De même, le ministre luxembourgeois des affaires étrangères Jean Asselborn n'a pas hésité à demander la traduction du dictateur libyen "devant la cour pénale internationale". Mais il n'est pas facile d’appeler "un dictateur, un dictateur" sans provoquer de tollé pour Berlusconi, ami personnel de Kadhafi, qui lui aurait fait connaître le désormais célèbre "bunga-bunga". Samedi, le président du conseil italien déclarait qu'il ne voulait pas interférer dans les affaires du dirigeant libyen.
Je ne lui ai pas parlé. La situation évolue et je ne me permets pas de déranger qui que ce soit", a-t-il déclaré à des journalistes de l'agence Ansa.
Les propos « ahurissants » de Frattini
Immédiatement, l'opposition italienne a réagit violemment à ces déclarations. Parlant de silence "terrible et assourdissant" du gouvernement, Walter Veltroni (Parti Démocrate) a condamné "l'inaction italienne face à un régime oppressif et violent". Des propos "ahurissants" pour Francesco Rutelli (Alliance pour l'Italie), qui s'interrogeait aussi sur la répercussion de ces déclarations au niveau de l'UE.
La position du président du Conseil italien a en effet été reprise en substance par son ministre des Affaires Etrangères, Franco Frattini, qui, en marge de la réunion du Conseil des AE de l'UE, a déclaré que l'Europe ne devait pas chercher à exporter son modèle démocratique à tout prix.

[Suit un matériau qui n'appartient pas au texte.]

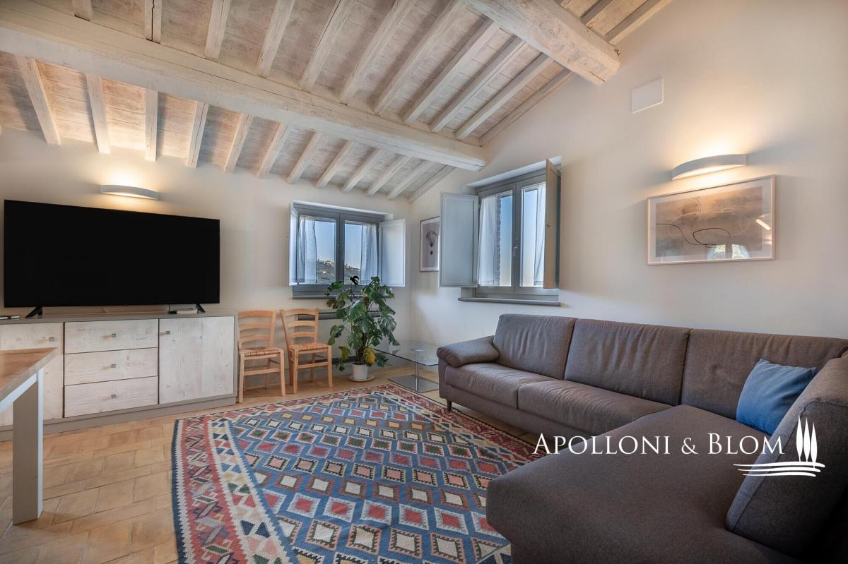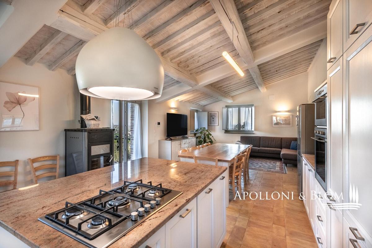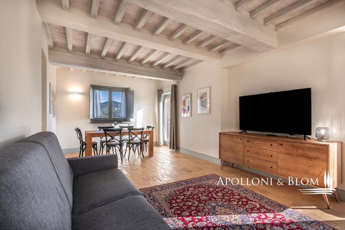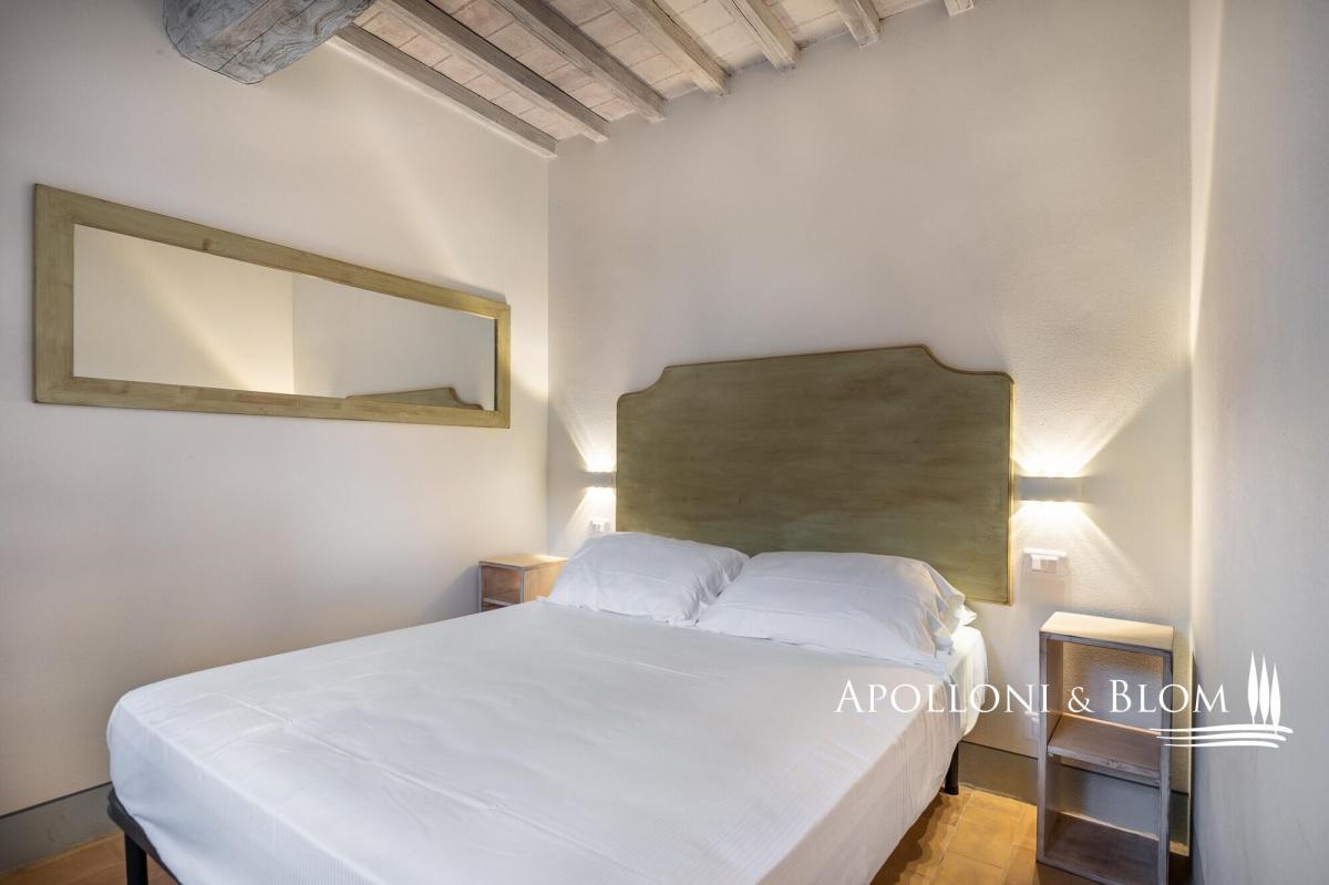 Scenic contemporary newly built 5-bedroom stone villa with olive grove and panoramic swimming pool, for sale in Cortona. A few steps from the famous medieval village of Cortona, the villa enjoys a scenic view of the valley and the surrounding countryside. A private gravel road leads to the villa surrounded by 3 hectares of private fully fenced land with an automatic gate, where peace and privacy reign. The villa was elegantly built in stone on the foundations of a 12th-century building. With an Energy Efficiency Class listed as A, with solar panels and the floor pouring pump heating system, the villa is spread over three levels plus a spacious basement dedicated to a large garage and a technical room. On the ground floor a bright open space with a kitchen, dining area and lounge. The first floor consists of a bright living room with access to the external staircase, a courtesy bathroom, two master bedrooms with ensuite. On the second floor three master bedrooms all ensuite and a romantic loggia overlooking the pool and leading to the external staircase. The light gray of all windows and internal doors, the natural colors used on the walls and the beamed ceilings together with the handmade terracotta floors, create an elegant and refined atmosphere in harmony with the rural and natural context of this precious corner of Tuscany. Great attention has been dedicated to the surrounding garden creating a magnificent outdoor living area built on various levels with high-quality features and overlooking the splendid Cortona landscape: hand-made terracotta floors sun deck staged with a dining area, barbecue and a stone Roman-style step travertine swimming pool marvelously finished with an impressive stone wall with waterfall. The property also includes 2,5 hectares of land with 350 olive trees, a well and an irrigation system. Ideal as a private residence thanks to its proximity to all services, but also an ideal destination for relaxing moments with family and friends. During the high season, the villa offers luxury hospitality for third-millennium travelers looking for relaxing and comfortable holidays, giving already an excellent annual income to the owner. PROPERTY Ref: CRO2504 Energy Efficiency Rating: A Location: Cortona, Province: Arezzo, Region: Tuscany Type: 290 sq m / 3121 sq ft newly built Class A stone villa, 50 sq m / 538 sq ft garage, basement rooms, garden, panoramic swimming pool and olive grove Conditions: excellent. Newly built in 2020 Land/Garden: 1.000 sq m / 10763 sq ft of garden and 2,5 hectares of land with 350 olive trees Swimming pool: panoramic 11x5 mt travertine stone pool with stone waterfall Parking: garage Utilities: Fixed telephone network: available Wi-Fi: available Heating: methane Water: mains city supply Electricity: active Air conditioning Photovoltaic systems and solar panels Distance from services: 5 km Distance from main airports: Perugia 60 km, Florence 128 km, Rome 235 km Gravel road: 300 mt Layout: Basement: garage, technical room Ground Floor: open space with dining and lounge, kitchen, guest toilette First Floor: living room, 2 master bedrooms with en-suite Second Floor: 3 master bedrooms with ensuite, loggia- garage

Nous ne devrions pas donner la mauvaise impression que nous exportons notre démocratie. Nous devons aider et soutenir la réconciliation pacifique, mais l'Europe ne devrait pas interférer.
Il devait essayer de convaincre ses homologues européens que la Libye allait s'engager dans des réformes institutionnelles, dans le but de ne pas perdre un allié proche. Mais en plus de la relation politique avec la Libye, c'est la position géographique de l'Italie, porte d'entrée de l'UE pour les pays arabes, qui inquiète les dirigeants italiens. Ils craignent en effet de subir de nouveaux flux massifs de migrants, peu de temps après les vagues de Tunisiens arrivés à Lampedusa. Selon la présidence hongroise de l'UE, Tripoli aurait menacé les 27 de mettre fin à la coopération frontalière pour bloquer l'immigration irrégulière si Bruxelles ne soutenait pas Khadafi.
Réconciliation nationale
La Libye a un "besoin urgent d'entamer un processus de réconciliation nationale, de réconciliation pacifique, de mettre un terme à la violence tout en défendant l'intégrité territoriale de la Libye", a insisté Franco Frattini.
Catherine Ashton a déclaré dimanche "entendre les menaces", affirmant que "au bout du compte, l'UE fait ce qui est juste".
Si la condamnation européenne du régime autoritaire libyen est encore faible pour certains, il est par ailleurs clair que l'Europe est en train de mettre en place une stratégie d'aide pour ses ressortissants:
Nous sommes extrêmement préoccupés, nous coordonnons l'évacuation éventuelle des citoyens de l'Union européenne de Libye, en particulier de Benghazi
Alors que la ministre des Affaires Etrangères espagnole, Trinidad Jimenez, parlait ce matin d'évacuer de Libye les citoyens de l'Union, un avion a été envoyé par Lisbonne en milieu de journée pour rapatrier les portugais et les européens à Tripoli.